Bara or al-Bara (بارة) is one of the former "Dead Cities" in northwestern Syria. It is located in the Zawiya Mountain approximately 65 km north from Hama and approx. 80 km southwest from Aleppo. Al-Bara is also a town in Ariha district. According to the Syria Central Bureau of Statistics (CBS), al-Bara had a population of 10,353 in the 2004 census. Its population is mostly Sunni Muslim.

==History==
The settlement was established in the fourth century at an important trade route between Antioch and Apamea. Due to good location and excellent conditions to produce wine and olive oil, it flourished in the 5th and 6th centuries; this was aided by the plentiful underground water in the area. Agricultural development accelerated from the 5th century, with peasants digging to access underground springs rather than relying on waterfalls, the appearance of a network of wells and canals across the region, the cutting of private reservoirs in courtyards to collect rainwater, and the digging of large communal reservoirs.

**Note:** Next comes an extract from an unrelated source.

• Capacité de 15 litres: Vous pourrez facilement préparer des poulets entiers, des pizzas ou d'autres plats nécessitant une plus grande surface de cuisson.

The site’s affluence is demonstrated by well-decorated stonework, industrial-scale olive presses and a small number of decorated monumental tombs from the 6th century. The settlement is one of the only mountain sites of the Dead Cities with more than a dozen hearths. A series of ruined monasteries are close to the southern edge of the site, with Deir Sobat in good condition and Deir Debbane and al-Deir in a poorer state of repair. Church E5, in the centre of the complex, is particularly richly decorated, with the church layout and mosaic representations similar to those of nearby Apamea.

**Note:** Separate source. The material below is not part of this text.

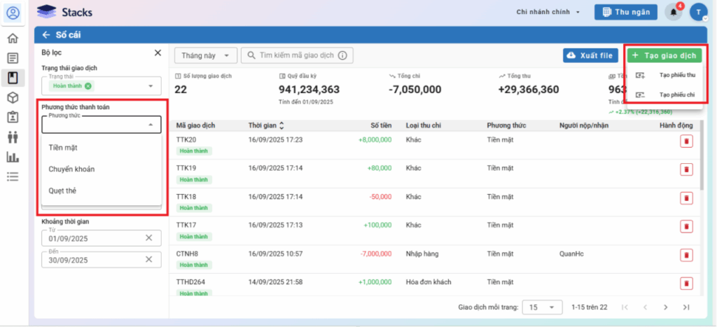 – Để tạo phiếu thu/ chi tiền mặt hoặc thu/chi trong tài khoản ngân hàng, bạn chọn nút + Tạo phiếu thu/ Tạo phiếu chi tương ứng với phương thức thanh toán Tiền mặt và Chuyển khoản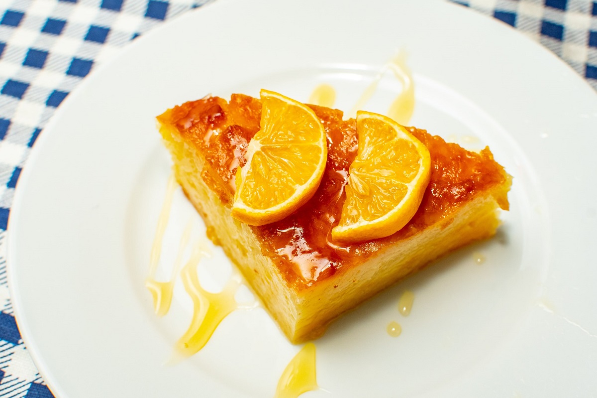 Portokalopita este o prăjitură din foi de aluat fărâmițate și apoi „lipite” la loc, amestecate cu o umplutură din ou, vanilie și iaurt, și însiropată la final cu sirop de portocale. Este o prăjitură foarte pufoasă și extrem de aromată, care se servește la fel de bine caldă sau rece.

At the height of the Byzantine Empire’s power, the emperors increased their control over sites like Bara, strategically positioned to both protect mountain access and survey the more contested plains to the east. When Muslims conquered the region and trading routes were disrupted and other Dead Cities were abandoned, Bara remained inhabited, most inhabitants remained Christians, and the town even became a seat of a bishopric subordinate of Antioch under Peter of Narbonne. The centre of the town was excavated in 2007-2010, revealing a large mosque identified thanks to its fully preserved mihrab. The excavation also uncovered a bath complex which had undergone four distinct phases of occupation: the construction of late Roman thermal baths, the conversion to hammams during the early Islamic period, their abandonment during the 11th century, and their conversion to housing during the Mamluk period.

In 1098, Al-Bara was conquered by crusaders (from there they later set off to the infamous cannibalistic massacre of Ma`arat al-Numan) led by Raymond de Saint-Gilles. The town was taken by Ridwan in 1104 and retaken by Tancred a year later. However, it was retaken by Muslims from 1119 to 1122. In 1123, the town was reconquered by Belek Ghazi who built a small fortress. By 1130, it was retaken by the crusaders of Antioch until it was finally controlled by Nur ad-Din in 1148. The mainly Christian population of Al-Bara was subsequently expelled. Later in the 12th century, after a severe earthquake, the town was abandoned.

Later, in the beginning of the 20th century, a modern village of the same name arose near the site of the ancient town and till today it has grown to the size of a small town.

Al-Bara's ruins are the most extensive of all Dead Cities and are scattered among fields, olive groves and orchards. Due to its long continuous inhabitation, the ruins are also some of the most varied of the Dead Cities. Among many others, one can distinguish remains of at least five churches, three monasteries, several villas, two pyramidal tombs and one underground tomb.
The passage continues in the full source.